Patricia de Lille’s Independent ­Demo­crats seems to be on the comeback trail in the Western Cape. And the reason appears to be its decision to delink itself from the ANC.

In last week’s by-election in Riviersonderend — part of the Theewaters­kloof municipality, jointly governed by the DA and ID — the ID increased its votes from 2,49% in the municipal election in 2006 to 16,4%.

After losing the seat to the ANC by just 39 votes in 2006, the DA slipped to 34,7% of the vote, while the ANC improved its performance by just short of one percentage point, to gain 47,5%.

Significantly, the DA and ID together outpolled the ANC in the area, after failing to do so last year.

Speaking in Cape Town this week, the ID’s Simon Grindrod said the party had attracted new voters, the majority being those who did not normally vote.

Speaking about ‘the two ladies in his life” — De Lille and Helen Zille (he is Cape Town’s mayoral committee member for economic development and tourism) — he said that they had mutual respect, which was ‘palpable when you see them together”.

Grindrod suggested the possibility of a DA-ID ruled province after 2009, predicting that the two parties would have ‘a heck of an election” for the Western Cape government. In contrast with the municipal tier, where they had to compete, the proportional system would reflect the strengths of the two parties, which had very different constituencies.

Meanwhile, De Lille has been freed up to refocus on the arms deal and other scandals in Parliament.
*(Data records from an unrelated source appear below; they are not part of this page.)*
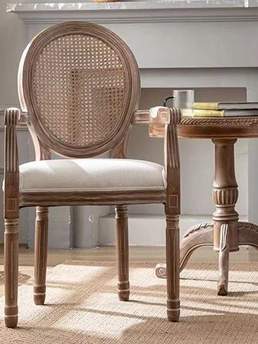 Vintage European Dining Chair - Retro Rustic Design with Simple Backrest, American Country Style, Solid Wood Armchair, Rattan Weaving - Perfect for Your Cozy Home Decor
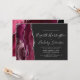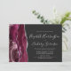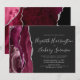 El borde izquierdo de esta elegante y moderna invitación a la boda incluye una acuarela de color burdeos bordeada por un falso purpurina de plata. El texto del personalizable combina escritura a mano, copperplate y cursiva en gris plateado sobre un fondo fuera de negro. El reverso presenta un diseño de ágata de color burdeos y plata a juego.
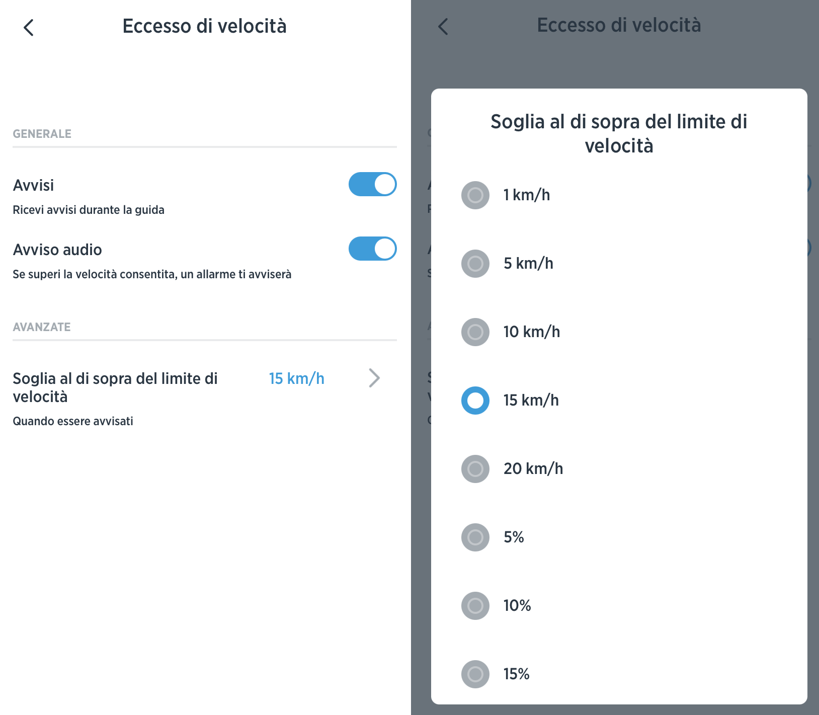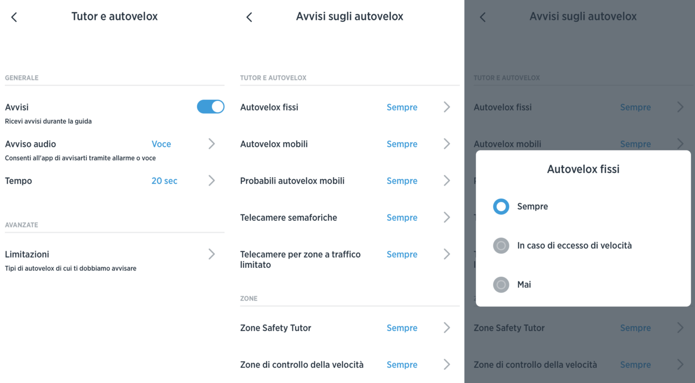 Cliccate sui singoli avvisi (tutor e autovelox, pericoli ed eccesso di velocità), abilitate gli avvisi durante la guida, scegliete la tipologia (voce o allarme), la tempistica (10, 20 o 30 secondi prima della posizione effettiva) e i dispositivi come autovelox fissi-mobili, photored, ZTL, zone tutor e controllo velocità dei quali volete ricevere gli avvisi (sempre, solo in caso di superamento dei limiti di velocità oppure mai).

Despondency over the party’s fight with the DA appears to be over.

A year ago, after it had been torn asunder by defections in Parliament and thrashed in the Tafelsign municipal by-election, De Lille’s party was in the doldrums.

In that campaign, then DA leader Tony Leon repeatedly underscored the betrayal of coloured voters when the ID backed ANC councillor Nomaindia Mfeketo for a further term as mayor.

De Lille’s reneging on a pledge to forge a multi-party government in an executive committee system in Cape Town had clearly alienated the ID’s core constituency.

After winning seven parliamentary seats in the 2004 election, the ID lost two key members — Cecil Burgess and Chris Wang — to the ANC in the September 2005 poll.

Burgess’s move was a brutal blow for De Lille, as he had been her legal adviser and confidant during her battles, including her suspension from Parliament after she had named former apartheid ‘spies” in the ANC.

Grindrod, a former hotelier, then entered the fray, conducting a high-profile campaign at the March 2006 election hustings and entering himself as a potential mayoral candidate.

Emerging as ID caucus leader on the Cape Town council, he appeared to enjoy having the casting vote. But as Zille has pointed out, it was only a casting vote if he backed the DA.

After backing Mfeketo as mayor, Grindrod acknowledged that he was so unpopular that even his neighbours refused to greet him. But his quip acknowledged a broader tactical disaster for the party.

The rebuilding of the party’s image began in earnest. It entered Zille’s multiparty government in Cape Town after an alliance partner withdrew at the beginning of this year.

This was quickly followed by the ID and DA’s toppling of three further ANC administrations in the Western Cape: Drakenstein, Kannaland Bergrivier and Beaufort West.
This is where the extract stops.